The dataset is loaded and converted into a workable format.

Now, we need to artificially implant missing data. There are countless ways to do it. Here, we will do it by:
1. Generating a random number.
1. Subtracting it to the values in the dataset.
1. Assigning a missing value to the cases where the substraction is less than a certain threshold.

Parameters and threshold values are defined randomly, but taking into account the order of magnitude of the numbers involved. 

In [4]:
# Implant artificial missing values
import numpy as np

rand = np.random.RandomState(0)  # Random number generator
X_missing = X.copy()

mask = []  # We will need this later to filter observations in y
features_missing = np.shape(X)[1]  # Missing values in all features
loc = 0  # Mean in numpy.random.normal
scale = 5  # Standard deviation in numpy.random.normal 
threshold = 1.75
for i in range(0, features_missing):
    mask_partial = np.abs(X[:,1] - rand.normal(loc=loc, scale=scale, size=X.shape[0])) < threshold
    X_missing[mask_partial, i] = np.NaN
    mask.append(mask_partial)

X_missing

array([[5.7, 4.4, 1.5, 0.4],
       [nan, 3.1, 1.5, nan],
       [5.7, 3. , 4.2, nan],
       [5.8, 2.7, 5.1, nan],
       [6.9, 3.1, nan, nan],
       [6.3, 3.4, 5.6, 2.4],
       [nan, 3.3, 5.7, 2.1],
       [5.1, 3.8, 1.5, 0.3],
       [5. , 3.5, nan, 0.3],
       [nan, 2.9, 4.6, 1.3],
       [5.3, 3.7, 1.5, 0.2],
       [5. , 3.4, 1.6, 0.4],
       [nan, nan, 1.6, 0.2],
       [6.1, 3. , 4.9, 1.8],
       [nan, 3.2, 1.4, 0.2],
       [nan, nan, 1.5, 0.1],
       [6. , 2.2, 5. , 1.5],
       [4.9, 3.1, 1.5, 0.1],
       [nan, 3. , 4.1, 1.3],
       [5.6, nan, 4.9, nan],
       [6.3, 2.3, 4.4, 1.3],
       [nan, nan, 4.5, 1.5],
       [nan, nan, nan, 1.4],
       [5.1, 3.7, 1.5, 0.4],
       [5.7, 2.5, 5. , 2. ],
       [6.4, nan, 5.6, 2.1],
       [5.6, 3. , 4.5, 1.5],
       [5.4, 3.4, 1.7, 0.2],
       [6.7, 3.1, 4.7, 1.5],
       [5. , 3.2, nan, nan],
       [nan, 2.5, nan, nan],
       [nan, 3. , 1.4, 0.3],
       [4.6, 3.6, nan, 0.2],
       [6.1, 3. , 4.6, 1.4],
       [6.8, n

Done!

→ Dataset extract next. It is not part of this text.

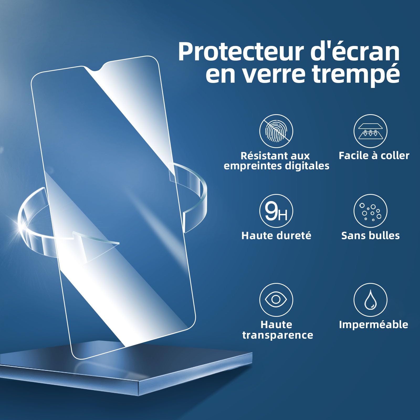 - Fabriqué à partir de verre trempé premium haute qualité, 0,33 mm épaisseur et des bords arrondis. Solution de protection idéale : Extrêmement dure, protège l’écran du téléphone des chocs et des dégâts. Oléophobe: il a un revêtement oléophobique qui empêche les empreintes digitales et d’autres contaminants et rend le film facile à nettoyer.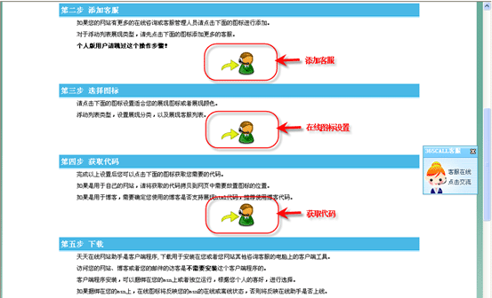 完成在線圖標設置后,在“圖:初始設置向導 2 ” 上點擊“獲取代碼”,彈出獲取代碼頁:

Our dataset is ready.

Now, let's compare the two approaches we discussed in the beginning of the notebook:
1. Use only valid data.
1. Impute data.

# 1. Use only valid data

As we said in the beginning, the procedure that we need to follow is:
1. Choose an **error metric** (e.g. accuracy).
1. Select a **machine learning algorithm** (e.g. logistic regression).
1. Apply a **missing data solution** (e.g. impute data) to get a complete dataset.
1. Evaluate model performance through **cross-validation**.

## 1.1. Error metric

We will use **accuracy**. Accuracy is given by the ratio between the number of correct predicted labels and the total number of observations in the sample.

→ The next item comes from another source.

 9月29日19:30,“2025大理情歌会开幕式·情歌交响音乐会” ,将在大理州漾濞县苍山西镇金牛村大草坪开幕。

## 1.2. Machine learning algorithm

We will use **logistic regression**. It's a simple and well-known algorithm that fits the illustrative purposes of our example.

## 1.3. Imputation method

In the *only valid data* approach, the idea is to remove the observations with missing values and keep only the observations with complete data. Let's do it.

In [5]:
# Delete observations with missing values
import pandas as pd

X_filtered = pd.DataFrame(X_missing)
X_filtered.dropna(inplace=True)

## To remove observations in y it's not trivial
## We need mask to know, in each column, which observations have missing values
## Then we keep all the observations without missing values
mask_total = mask[0]
for i in range(0, np.shape(mask)[0]):
    mask_total += mask[i]
y_filtered = y[~(mask_total)]

print(np.shape(X_filtered))
print(np.shape(y_filtered))

(54, 4)
(54,)


## 1.4. Evaluation through cross-validation

Now, to estimate the performance of the model, we will use cross-validation. In scikit-learn, we can use cross-validation through the *cross_val_score* function. Since it applies k-fold cross-validation, we need to define the number of folds. Usually, 5 or 10 are enough. Here, we will use 5 folds (cv=5) because I like the number 5.

In [6]:
# Estimate model's performance
from sklearn.linear_model import LogisticRegression
from sklearn.model_selection import cross_val_score

lr = LogisticRegression()
score = cross_val_score(lr, X_filtered, y_filtered, cv=5)
print('Score: %.3f +/- %.3f' % (np.mean(score), np.std(score)))

Score: 0.909 +/- 0.058


# 2. Impute data

Ok, here it's a different solution but the is similar. Do you still remember the four steps to glory?

## 2.1. Error metric

We need to use **accuracy** because we want to compare the approaches.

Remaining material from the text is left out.